DATA EXCERPT ::
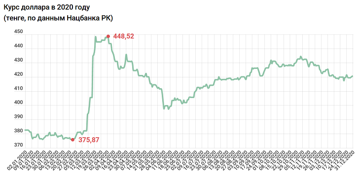 В 2020 год Казахстан входил с курсом доллара в 382 тенге 59 тиын. На протяжение нескольких недель тенге понемногу укреплялся, впрочем, не самыми значительными темпами: к 22 февраля курс опустился до 375,87 тенге. Как оказалось, это был предел – меньше в 2020 году доллар стоить уже не будет.
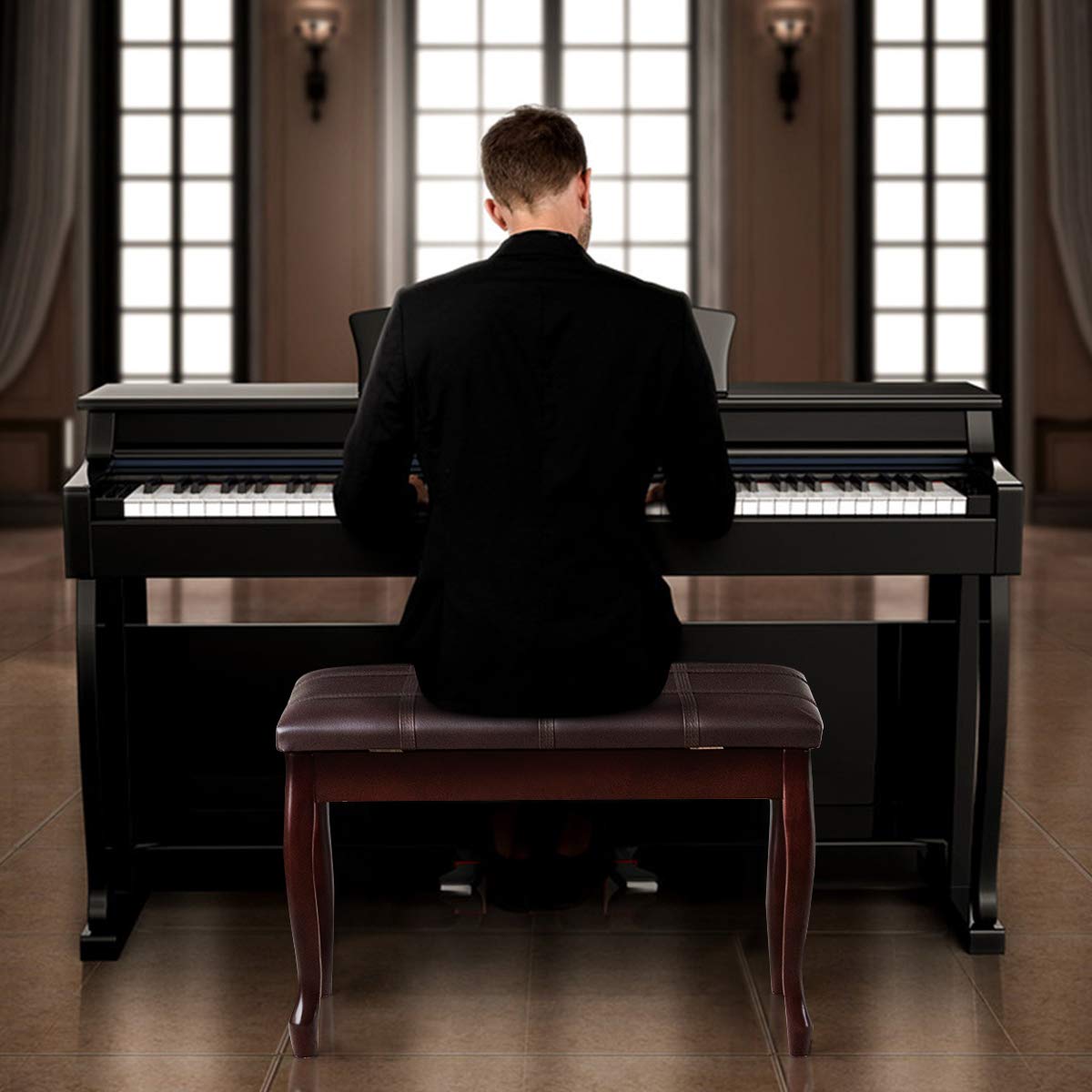 - Sturdy Construction: Our piano bench is made of high quality solid wood and PU leather. Solid wooden legs offer strong support, making it sturdy and durable enough to stand steadily. With a anti-skid foot pad under each leg to protect floor from being scratched.
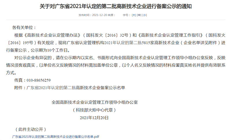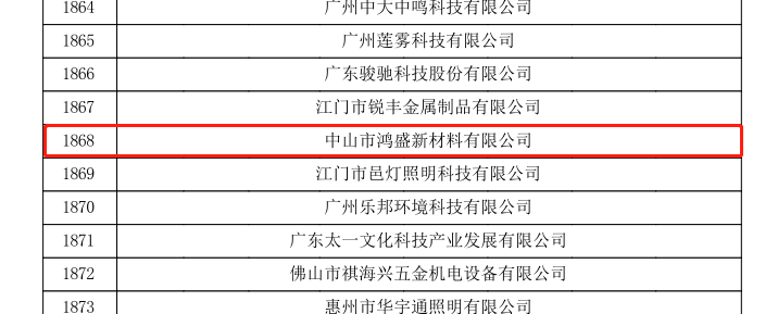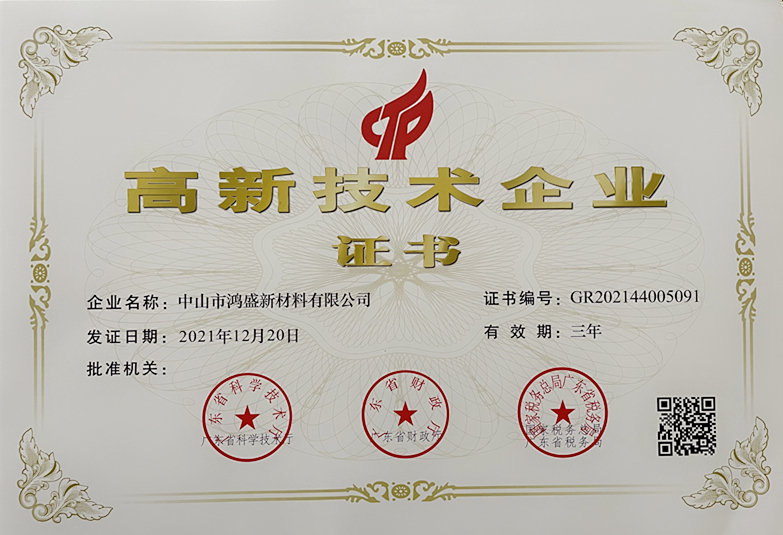 2021年12月20日,全國高新技術(shù)企業(yè)認(rèn)定管理工作領(lǐng)導(dǎo)小組辦公室發(fā)布《關(guān)于對廣東省2021年認(rèn)定的第二批高新技術(shù)企業(yè)進(jìn)行備案公示的通知》,中山市鴻盛新材料有限公司名列其中,成為國家重點支持的具有高成長性的企業(yè)。
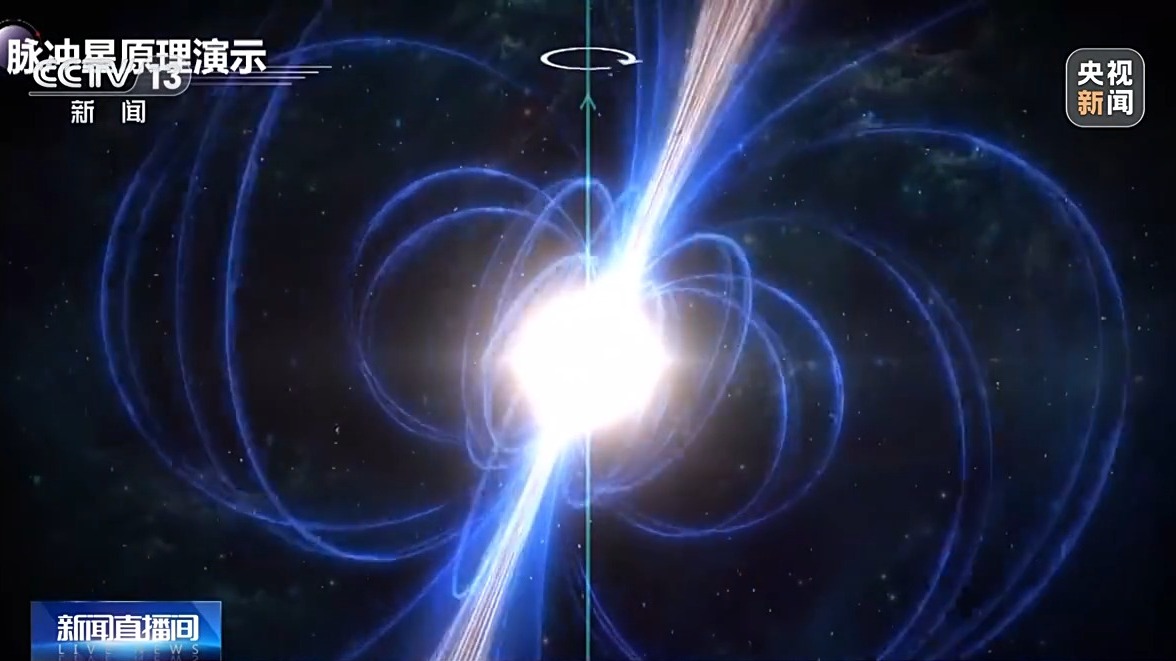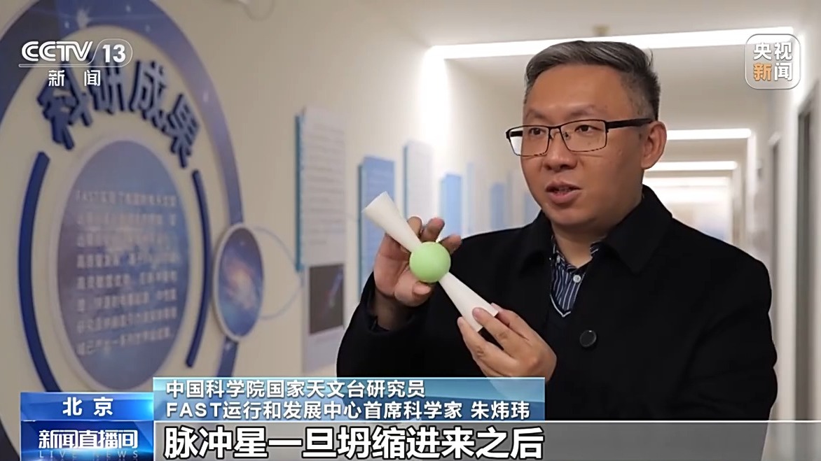 *中國科學院國家天文台研究員 FAST運行和發展中心首席科學家 朱煒瑋:*比方説,這是一個脈衝星模型,脈衝星一旦坍縮進來之後,它的質量仍然有比太陽還大的質量,但它的半徑只有10公里左右。它有巨大的密度,它的密度之大、壓力之大,它的核心的密度已經超過了核物質,可以説是把原子核已經壓碎了,所以在這麼一種極端的天體裏面,我們通過研究它,就可以幫助我們理解在極高密度下粒子物理的基本。它是宇宙中極為獨特的天體物理“實驗室”。

THE PROBLEM ::
Print each line of the material above exactly, with the pictures removed from your copy.

WORKED SOLUTION ::
 В 2020 год Казахстан входил с курсом доллара в 382 тенге 59 тиын. На протяжение нескольких недель тенге понемногу укреплялся, впрочем, не самыми значительными темпами: к 22 февраля курс опустился до 375,87 тенге. Как оказалось, это был предел – меньше в 2020 году доллар стоить уже не будет.
 - Sturdy Construction: Our piano bench is made of high quality solid wood and PU leather. Solid wooden legs offer strong support, making it sturdy and durable enough to stand steadily. With a anti-skid foot pad under each leg to protect floor from being scratched.
 2021年12月20日,全國高新技術(shù)企業(yè)認(rèn)定管理工作領(lǐng)導(dǎo)小組辦公室發(fā)布《關(guān)于對廣東省2021年認(rèn)定的第二批高新技術(shù)企業(yè)進(jìn)行備案公示的通知》,中山市鴻盛新材料有限公司名列其中,成為國家重點支持的具有高成長性的企業(yè)。
 *中國科學院國家天文台研究員 FAST運行和發展中心首席科學家 朱煒瑋:*比方説,這是一個脈衝星模型,脈衝星一旦坍縮進來之後,它的質量仍然有比太陽還大的質量,但它的半徑只有10公里左右。它有巨大的密度,它的密度之大、壓力之大,它的核心的密度已經超過了核物質,可以説是把原子核已經壓碎了,所以在這麼一種極端的天體裏面,我們通過研究它,就可以幫助我們理解在極高密度下粒子物理的基本。它是宇宙中極為獨特的天體物理“實驗室”。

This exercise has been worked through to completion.